Polemik
tentang urgensi ”Sex Education” dimasukkan kedalam kurikulum sekolah,
merupakan wacana yang mengemuka akhir-akhir ini, baik dalam forum-forum
seminar maupun obrolan ringan saat rehat di ruang kerja. Tidak ada asap
bila tidak ada api, wacana ini muncul seiring menggilanya seks bebas di
kalangan remaja. Data hasil survei 2008 Kementrian Negara Pemberdayaan
Perempuan menunjukkan, sebanyak 63 persen remaja SMP sudah melakukan
hubungan seks..Sedangkan 21 persen siswa SMA pernah melakukan aborsi.
Kita
semua maklum, bila mendengar kata ”Seks” maka yang terbersit dalam
benak sebagian besar orang adalah hubungan seks. Sesungguhnya, seks itu
artinya jenis kelamin yang membedakan pria dan wanita secara biologis.
Seksualitas menyangkut banyak dimensi, diantaranya dimensi biologis,
yaitu berkaitan dengan organ reproduksi, cara merawat kebersihan dan
kesehatan; dimensi psikologis, dimana seksualitas dikaitkan dengan
identitas peran jenis, perasaan terhadap seksualitas dan bagaimana
menjalankan fungsinya sebagai makhluk seksual; dimensi sosial, berkaitan
dengan bagaimana seksualitas muncul dalam relasi antar manusia serta
bagaimana lingkungan berpengaruh dalam pembentukan pandangan mengenai
seksualitas dan pilihan perilaku seks; dan dimensi kultural, menunjukkan
bahwa perilaku seks itu merupakan bagian dari budaya yang ada di
masyarakat.
Terlepas
dari pro kontra, menurut penulis ”Sex Education” sudah seharusnya
diberikan kepada peserta didik yang sudah beranjak remaja, baik melalui
pendidikan formal maupun informal. Hal ini penting untuk mencegah
ambigunya pendidikan seks maupun pengetahuan tentang kesehatan
reproduksi di kalangan remaja. Berdasarkan butir kesepakatan 184 negara
termasuk Indonesia yang dicetuskan di Kairo pada tahun 1994, salah satu
butir kesepakatannya adalah mengusahakan dan merumuskan perawatan
kesehatan seksual dan reproduksi serta menyediakan informasi yang
komprehensif termasuk bagi para remaja.
Terdapat
dua alasan mengapa ”Sex Education” penulis anggap penting bagi remaja.
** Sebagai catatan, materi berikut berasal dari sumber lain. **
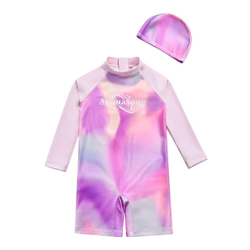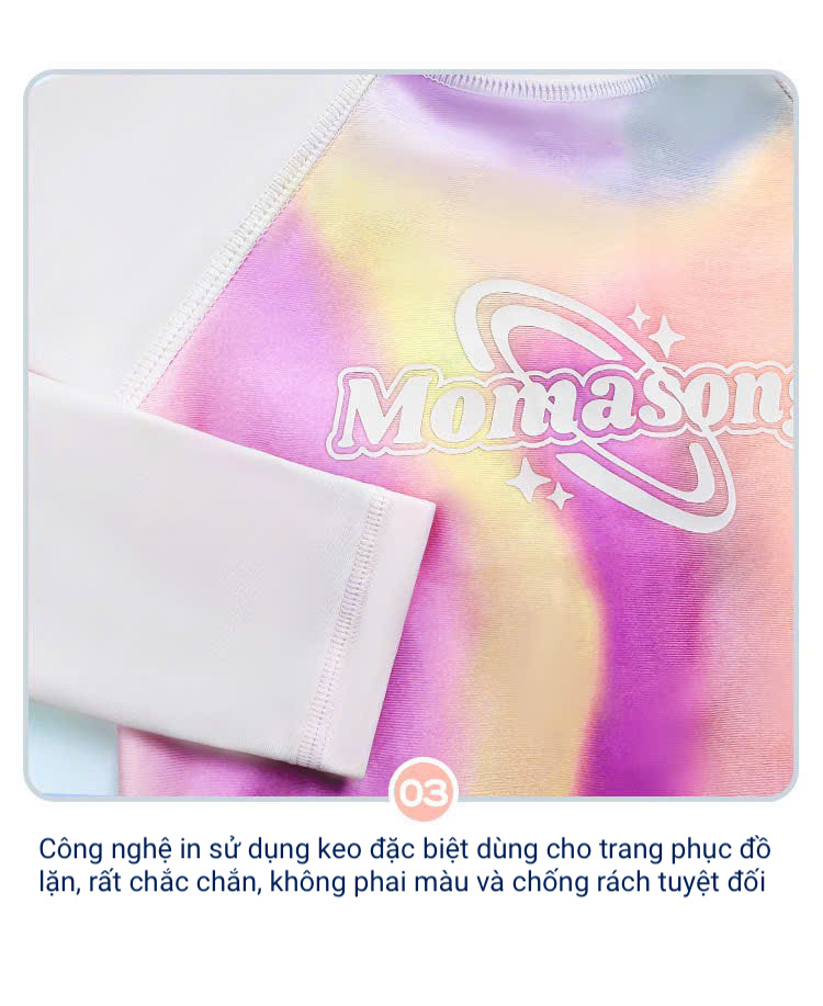 Bộ bơi bé gái dài tay, vải chống nắng UPF 50+ Momasong (Korea), hồng trắng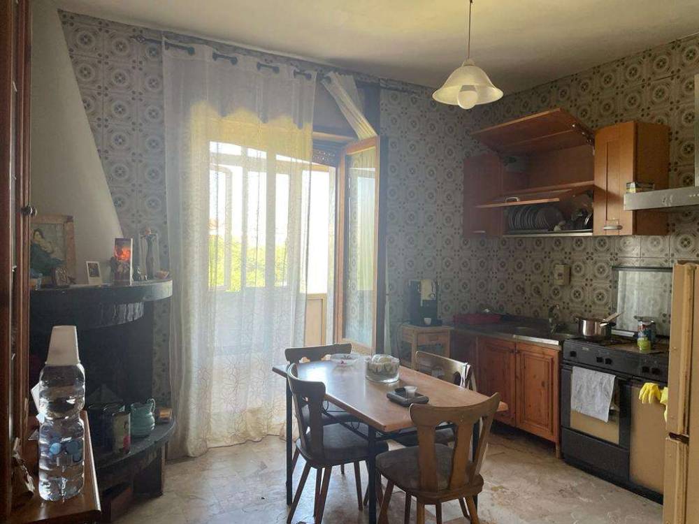 Appartamento, uso civile residenziale, in piccolo fabbricato indipendente di sole due unità, posto al piano primo, di circa 130 mq avente consistenza di 6 vani catastali, composto da ingresso con soggiorno abitabile, cucina con veranda e camino, tre ampie camere da letto e un bagno; ampie balconate che circondano l'intero appartamento, tre posti auto scoperti, ingresso indipendente, condizioni discrete.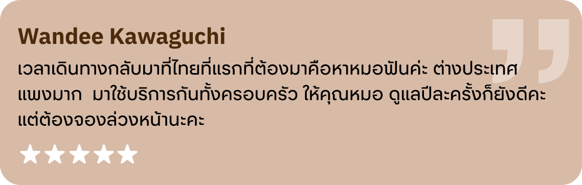 ก่อตั้งขึ้นเพื่อให้ทุกคน ตั้งแต่เด็กไปจนถึงผู้ใหญ่ สามารถเข้าถึงการรักษาทางทันตกรรมที่มีคุณภาพ เราให้บริการมาอย่างต่อเนื่องตั้งแต่ปี พ.ศ. 2535 รวมกว่า 30 ปี ปัจจุบันดำเนินการโดยทันตแพทย์รุ่นที่ 2 ของครอบครัว ซึ่งยังคงยึดมั่นในแนวทางการรักษาที่ดีที่สุดในราคาที่คุ้มค่า พร้อมทีมทันตแพทย์เฉพาะทางของเรา เพื่อดูแลและใส่ใจสุขภาพช่องปากของคุณอย่างเต็มที่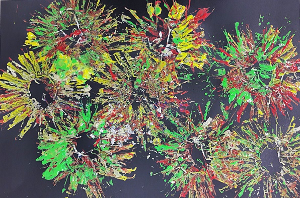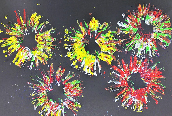 3. Malujemy fajerwerki kolejno wszystkimi kolorami, przyciskając umoczone w farbie rolki na czarnej kartce z bloku technicznego A3.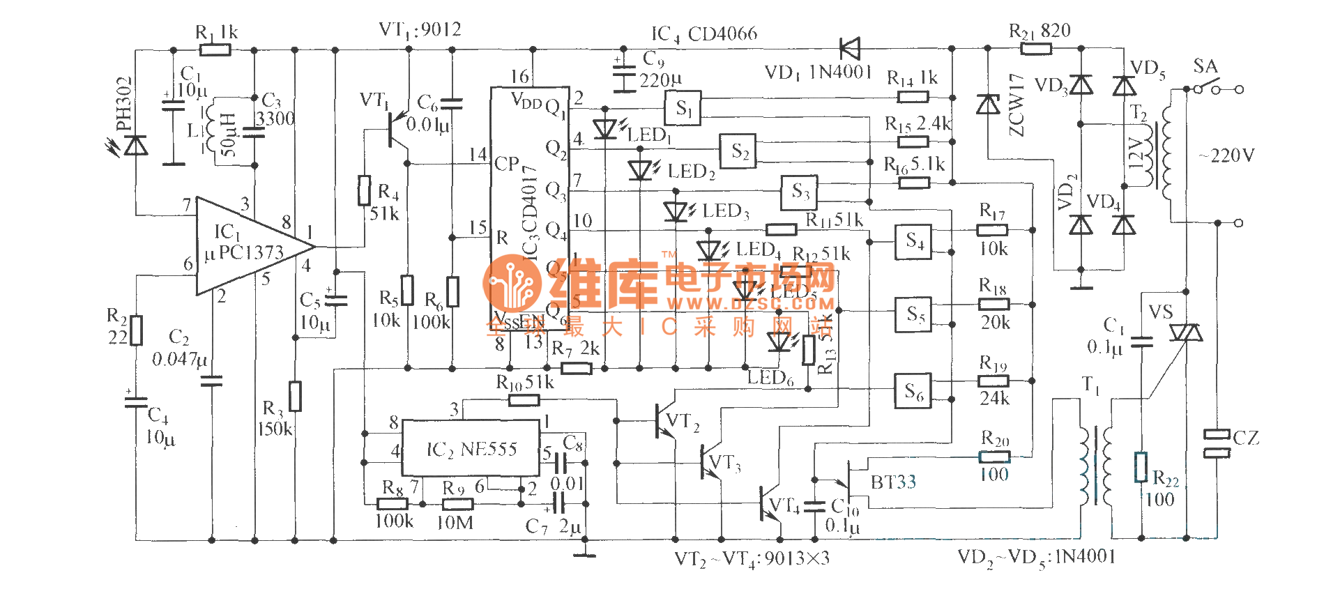 The circuit consists of infrared receiver demodulation circuit, speed control circuit, SCR phase trigger circuit and natural air control circuit.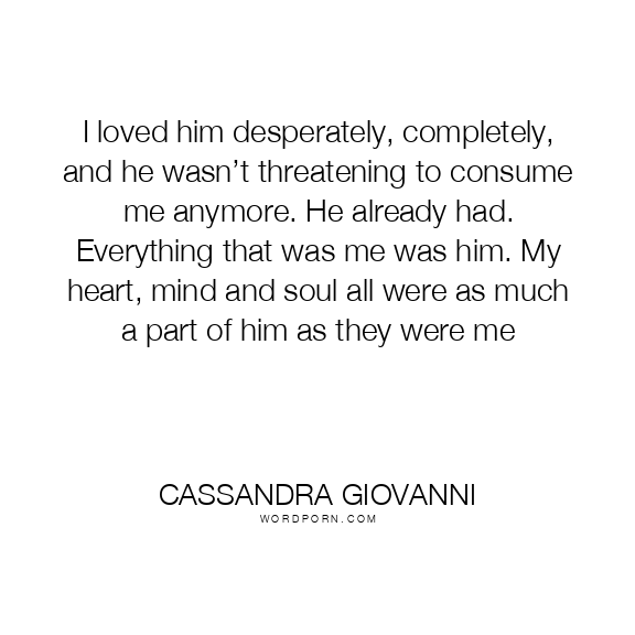 I loved him desperately, completely, and he wasn’t threatening to consume me anymore. He already had. Everything that was me was him. My heart, mind and soul all were as much a part of him as they were me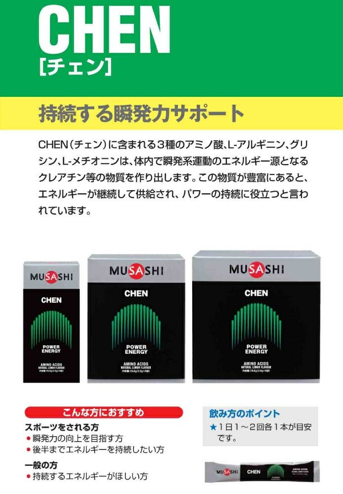 スポーツ トレーニング アミノ酸 ムサシ MUSASHI 【まとめてお得な2セット!】CHEN チェン 8本入り 2セット 1本(3.6g) アミノ酸 サプリ サプリメント スポーツ トレーニング アミノ酸 瞬発力 クレアチン エネルギー クレアチン 人口甘味料不使用 日本製 CHENS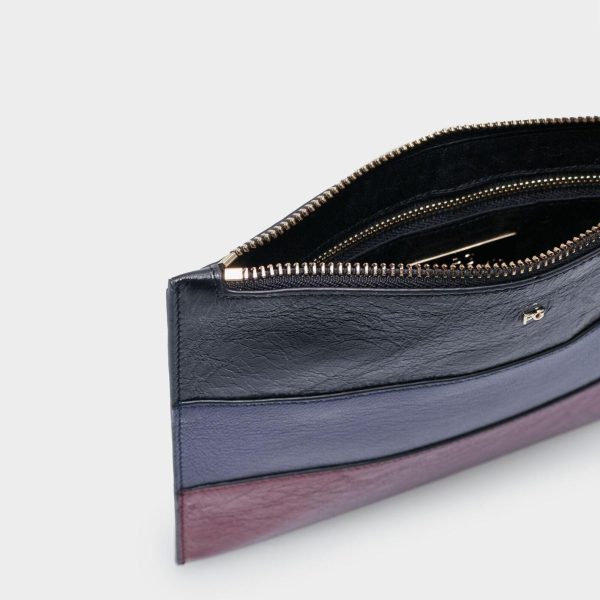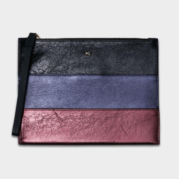 Leather pouch with a patchwork design in metalic finish and PG logo. Zip fastening and interior zip pocket.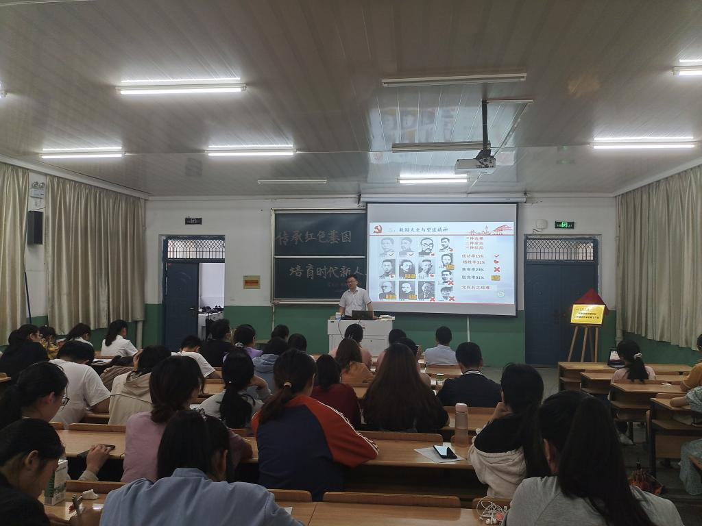 活动伊始,方瑞副教授通过丰富的图片概览了近代中国的苦难历史,将同学们带入了那个救亡图存的觉醒年代,从苦难中华和觉醒年代、救国大业和望道精神、陈望道与省立安徽大学三个方面进行阐述。介绍了陈望道翻译《共产党宣言》时发生的“真理的味道非常甜”的故事,讲解了毛泽东、邓小平、习近平等党和国家领导人对《共产党宣言》的推崇。陈望道先生是革命先驱、学术大家、教育名家,他的人生创造了诸多“第一”,例如贡献第一个《共产党宣言》的中文全译本,出任中国共产党上海地方委员会第一任书记等。方瑞老师通过报纸、文献等资料展示,加深了同学们对陈望道任教历程、文学贡献、历史地位等方面的了解。方瑞老师从陈望道受聘省立安徽大学的成因以及任教实况等方面,讲述了陈望道与省立安徽大学的渊源,详细介绍了陈望道在省立安徽大学期间的任教课程、学术活动、社团指导、本科论文指导等情况,系统梳理了陈望道担任省立安徽大学教职的经过,同时也告诉了同学们进行学术研究的方法和路径。向各位同学讲解了陈望道在安庆任教期间创作的演讲辞《言与行》,经比对考证和专家确认,《言与行》为新发现的陈望道佚文。此事被各地媒体宣传报道,引发社会广泛关注。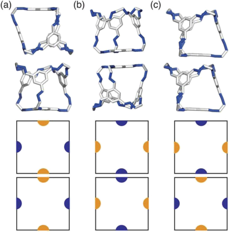 Fig. 4. Different packing types in the simulations; (a) window-to-window, (b) arene-to-arene, and (c) window-to-arene with the corresponding favourable patchy interactions shown below in 2D. The configurations are shown with the cage CC1 for simplicity, but in reality any of the cages could be substituted into these configurations.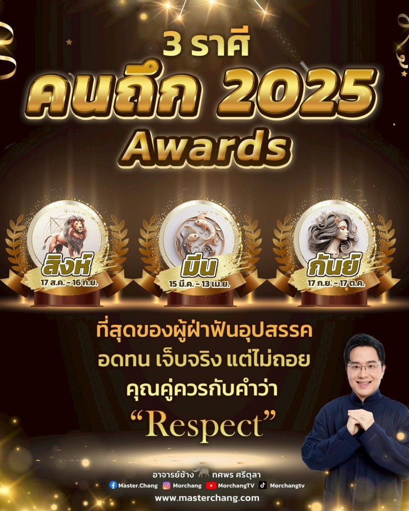 เพจเฟซบุ๊ก หมอช้าง ทศพร ศรีตุลา หรือที่หลายคนรู้จักในนาม หมอช้าง หมอดูชื่อดังเมืองไทย ได้เผยคำทำนาย 3 ราศี คนถึก 2025 Awards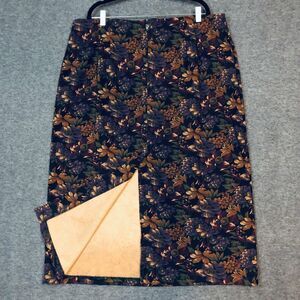 Straight Long Skirt Women 24W RL Richard Winter Floral On Black Back Zipper Slit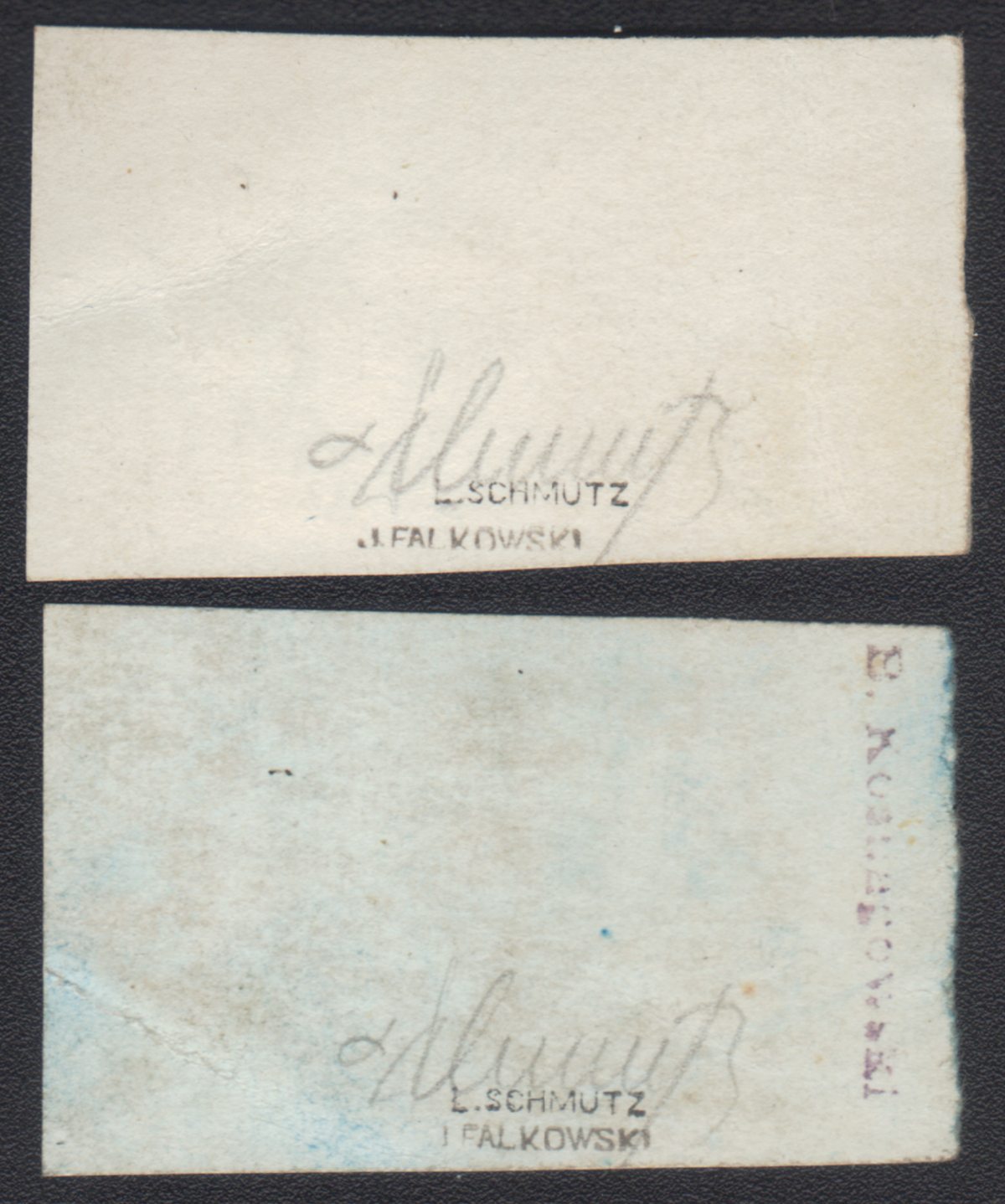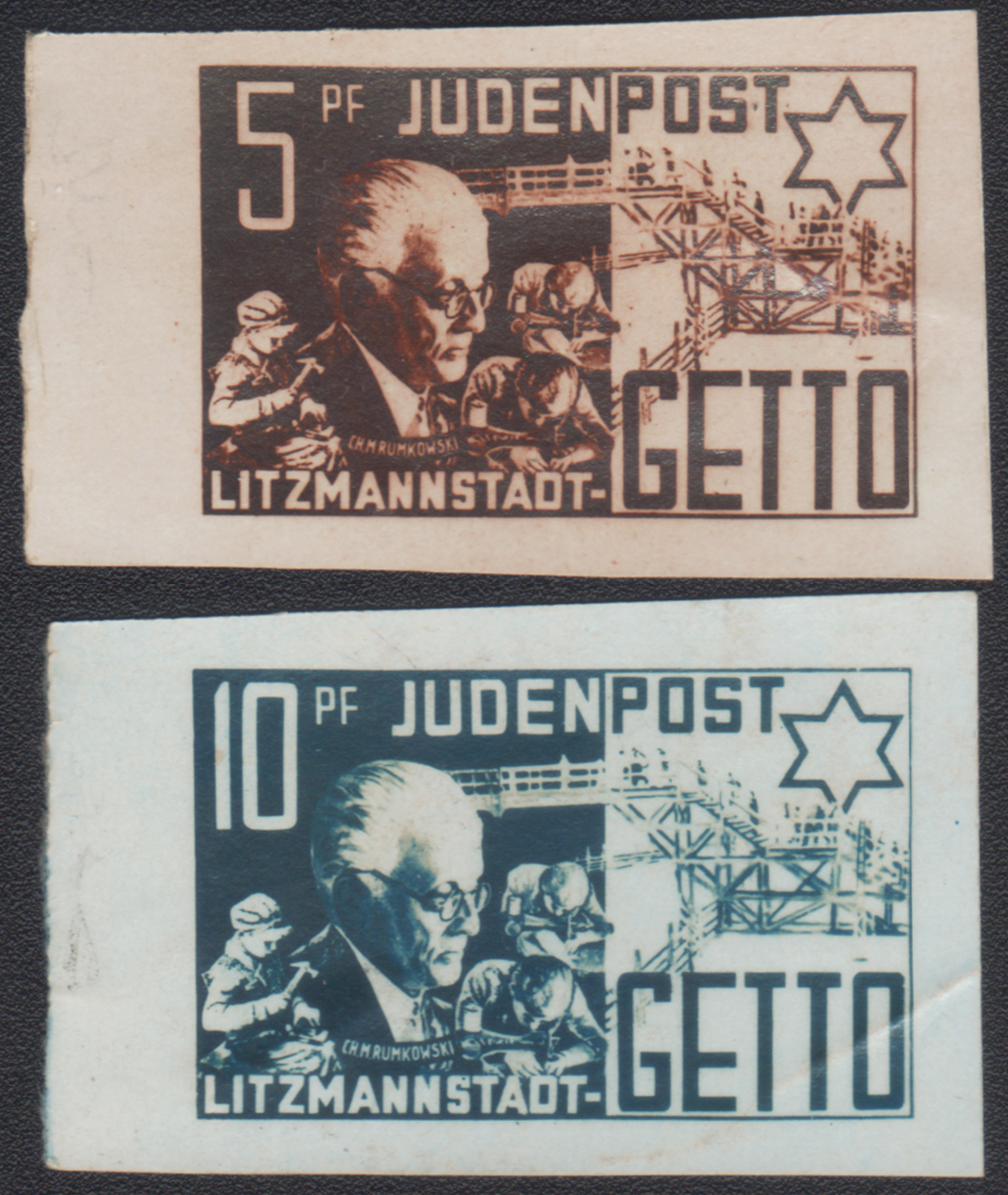 1944 Getto w Łodzi, niezrealizowane wydanie "fotograficzne" na białym grubym błyszczącym papierze; tzw. wzór II z portretem Ch.Rumkowskiego z profilu; unikalne niespotykane w tej postaci próby cięte - tak jak je wydano bez gumy, próba za 10 Pf. sygnowana E.Koszagowski z lekkim pęknięciem papieru (jak prawie wszystkie znaczki o tym nominale); obie podwójna gwarancja Falkowski i Schmutz. | Fi.IV-V nz P |

Pertama adalah saat peserta didik tumbuh menjadi remaja, mereka belum
mengerti dengan seks, sebab orang tua masih menganggap bahwa
membicarakan mengenai seks adalah hal yang tabu. Sehingga dari
ketidakmengertian tersebut para remaja boleh jadi merasa tidak
bertanggung jawab atas seks dan kesehatan anatomi reproduksinya. Kedua,
dari ketidakmengertian tersebut membawa peserta didik mencari informasi
lain yang ditawarkan oleh sebagian orang melalui komoditi yang bersifat
pornografi, semisal VCD, majalah, internet, sampai pada tayangan
televisi yang sudah mengarah kepada hal yang seperti itu. Dampak dari
ketidakfahaman remaja tentang sex education ini, menggiring pada hal-hal
negatif , seperti tingginya hubungan seks di luar nikah, kehamilan yang
tidak diinginkan, sampai pada penularan penyakit yang menakutkan yaitu
HIV.
Sex
Education mempunyai ruang pembahasan yang luas dan komplek. Sex
Education tidak hanya sebatas pada seks dalam arti heterosexsual dan
bukan pula semata-mata menyangkut masalah biologis atau fisiologis saja
melainkan juga berkaitan dengan psikologi, sosio-kultural, agama dan
kesehatan. Melalui artikel ini, mari kita diskusi secara santun,
melepaskan ego dan mengendapkan emosi untuk merumuskan kurikulum sex
education sebagai sarana pencerahan bagi remaja.